I've heard that about Tennessee.
and Arkansas, and Kentucky, and South Dakota, and ...
Don't forget Texas...
Don't get upset - I'm a native Texan...you're probably a cousin somewhere along the line...
That is entirely possible, although legally they can demand the paperwork and charge them sales tax unless they comply. Maybe it is just too much hassle to report them to the Comptroller for non-compliance. I have to complete tax exemption forms all the time for our vendors...my problem is with the cashiers not being trained on how to process them, I always seem to get this blank stare and then have to go through several layers of management to get the purchase approved as tax-exempt.

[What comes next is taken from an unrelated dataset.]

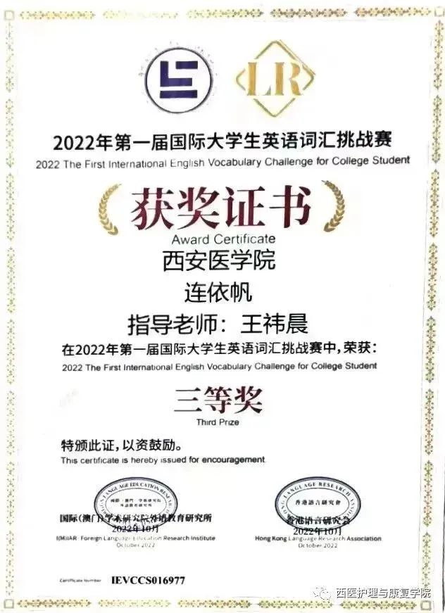 “青春由磨砺而出彩,人生因奋斗而升华”。学习之余,连依帆加入校广播站,校音乐协会吉他部,bat365在线中国官网登录入口南丁格尔青年志愿者服务队,bat365在线中国官网登录入口团总支学生会,在群团组织中增长见识。疫情期间,连依帆作为护本2218班心理委员,积极响应学校号召,踊跃报名参与核酸检测志愿服务;2023年积极参与西安市儿童医院志愿服务,并有幸担任“世界孤独症日”讲座志愿者,在实践中淬炼本领,增长才干。

"You want to buy our stuff, you send a check like everybody else. If not, go pound sand and stuff your forms."
A great bumper sticker is in the making here.. :)
When said, were the lawyer's lips moving?

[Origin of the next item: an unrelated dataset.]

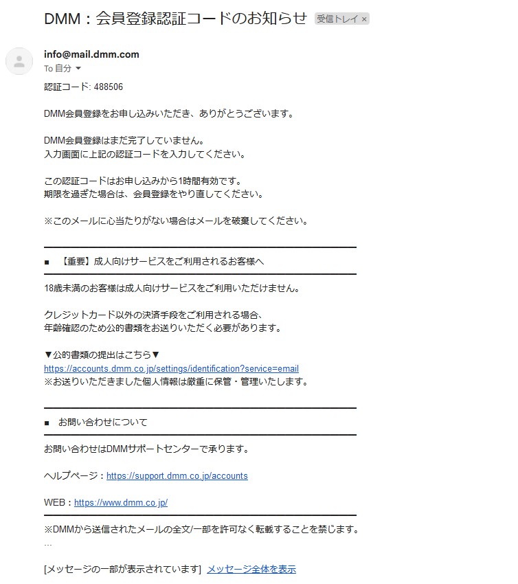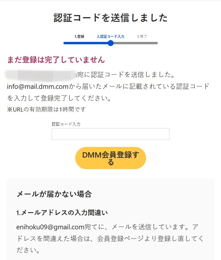 6.認証コードを先ほどのページに入力して「DMM会員登録をする」をクリックすると登録完了。

A company the size and scope of Home Depot doesn't make these kind of decisions lightly, capriciously, whimsically, or arbitrarily - - this was a cold, calculated, business decision, possibly a year or more in the making.

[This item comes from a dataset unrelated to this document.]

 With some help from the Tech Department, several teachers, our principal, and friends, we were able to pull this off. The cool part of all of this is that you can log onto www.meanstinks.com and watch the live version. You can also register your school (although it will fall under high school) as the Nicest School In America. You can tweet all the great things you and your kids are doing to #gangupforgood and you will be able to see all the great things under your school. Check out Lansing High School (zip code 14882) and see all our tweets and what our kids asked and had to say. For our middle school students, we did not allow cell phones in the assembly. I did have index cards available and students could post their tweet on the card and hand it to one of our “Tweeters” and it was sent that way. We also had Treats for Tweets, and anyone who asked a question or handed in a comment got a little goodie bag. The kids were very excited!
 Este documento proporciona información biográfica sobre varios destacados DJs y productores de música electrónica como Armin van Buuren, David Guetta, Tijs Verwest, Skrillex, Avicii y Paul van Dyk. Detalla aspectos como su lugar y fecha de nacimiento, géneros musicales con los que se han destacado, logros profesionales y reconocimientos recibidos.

My guess is that Home Depot believes that cutting ties to big scumbag government can offer legal protection from the politically correct (scumbag liberal) long arm of big scumbag government.
What's your theory?
This makes me wonder also if maybe Jesse Jackson or Al Sharpton or one of those other Democrat race-hustlers made a move to shake down Home Depot. A large part of the leverage used by scumbags like Jackson is their cozy relationship with Democrat political leaders who can stir up big regulatory and legal trouble for those who don't "play ball".
You don't look anything like Uncle Bubba's brother's son. Must look like yer ma; mustache and all...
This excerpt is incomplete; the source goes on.